El Evangelio de hoy nos habla de qué tan exigente es el llamado de Cristo.
El Señor Jesús responde a la pregunta del joven rico, sobre qué cosas debe hacer para conseguir la Vida eterna:
La primer respuesta del Señor es simple:
«Cumple los Mandamientos”. “No matarás, no cometerás adulterio, no robarás, no darás falso testimonio, honrarás a tu padre y a tu madre, y amarás a tu prójimo como a ti mismo”.
Pero el Joven rico, intuye que a pesar de haber hecho todo esto aún le falta más, y pregunta al Señor sobre que es ese algo más por hacer.
“Si quieres ser perfecto, le dijo Jesús, ve, vende todo lo que tienes y dalo a los pobres: así tendrás un tesoro en el cielo. Después, ven y sígueme”.

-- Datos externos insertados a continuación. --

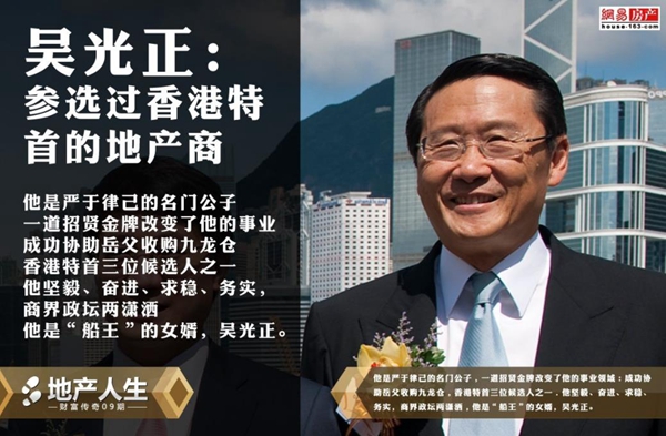 1996年,吳光正曾經(jīng)參加首屆香港特區(qū)行政長官選舉,并為此辭去所有上市公司職務(wù)。但最后在香港特首選舉中落敗,由董建華勝出。吳光正已表示無意再角逐特首職務(wù)。與此共時(shí),他是一個(gè)永遠(yuǎn)低調(diào)人物。是香港著名富豪、老牌船王包玉剛的女婿,原籍浙江慈溪?,F(xiàn)任香港會(huì)德豐(前稱隆豐國際)主席,會(huì)德豐集團(tuán)下控7家香港上市公司,計(jì)有九龍倉、置業(yè)信托、聯(lián)邦地產(chǎn)、連卡佛、香港隧道、寶福集團(tuán)、海港企業(yè);另擁有一家新加坡上市公司馬哥勃羅發(fā)展。 幼年來港,就讀于赤柱圣士提反小學(xué)及中學(xué);其后入俄亥俄州辛辛那提大學(xué)修讀建筑,以繼承父業(yè),但因個(gè)人興趣改讀物理及數(shù)學(xué);接著在美國哥倫比亞大學(xué)攻讀工商管理碩士。畢業(yè)后任職于紐約與香港的美國大通銀行,并與包玉剛次女包陪容結(jié)婚。曾任職紐約大通銀行,九龍倉集團(tuán)有限公司第一副主席,現(xiàn)任隆豐國際投資有限公司、九龍倉集團(tuán)有限公司主席、環(huán)球航運(yùn)集團(tuán)副主席、港美經(jīng)濟(jì)合作委員會(huì)、華美銀行國際顧問委員會(huì)委員、臨時(shí)醫(yī)院管理局和多個(gè)公共事務(wù)委員會(huì)成員、香港電車公司主席、香港基本法咨詢委員會(huì)委員。

La respuesta del joven fue irse entristecido, porque tenía muchos bienes y estaba apegado a ellos.
El Señor nos llama a seguirlo sin condiciones, a que en el camino sigamos sus huellas en todo, aún cuando esto nos signifiquen renunciar a lo que el mundo valora, a las falsas seguridades de bienes materiales, orgullo social, honra mundana, poder.
Es en ese estar disponibles al ciento por ciento que cumplimos realmente en Espíritu los mandamientos de Dios. Y es así como desaparece la tensión entre la voluntad de Dios y la nuestra personal.
Y es también en ese estar dispuestos a todo lo que Dios pida, como María frente al anuncio del Ángel, y más perfectamente aún, como Cristo durante toda su pasión, que la paz del Señor llega plenamente a nuestras vidas.
Por ello el Señor ensalza tantas veces a los humildes. Porque sólo los humildes se ríen de sí mismos, y dejan a un lado su propia hoja de ruta para la vida, y siguen con toda fe y confianza el mapa que el Señor nos da.
Ese mapa que encontramos en las escrituras, en el catecismo y magisterio de la Iglesia, en la vida sacramental y de misa frecuente, en la práctica de las virtudes cristianas, en el testimonio amoroso dado en la comunidad.
Pidamos al Señor la Gracia de que, en cada día de vida que nos quede, seamos menos apegados a nuestras cosas, ideas y pensamientos, y más disponibles a su llamado.
Qué antes de enojarnos por algo, contrariarnos, apasionarnos, desear, entristecernos o alegrarnos, nos preguntemos que quiere el Señor de nosotros en esa situación.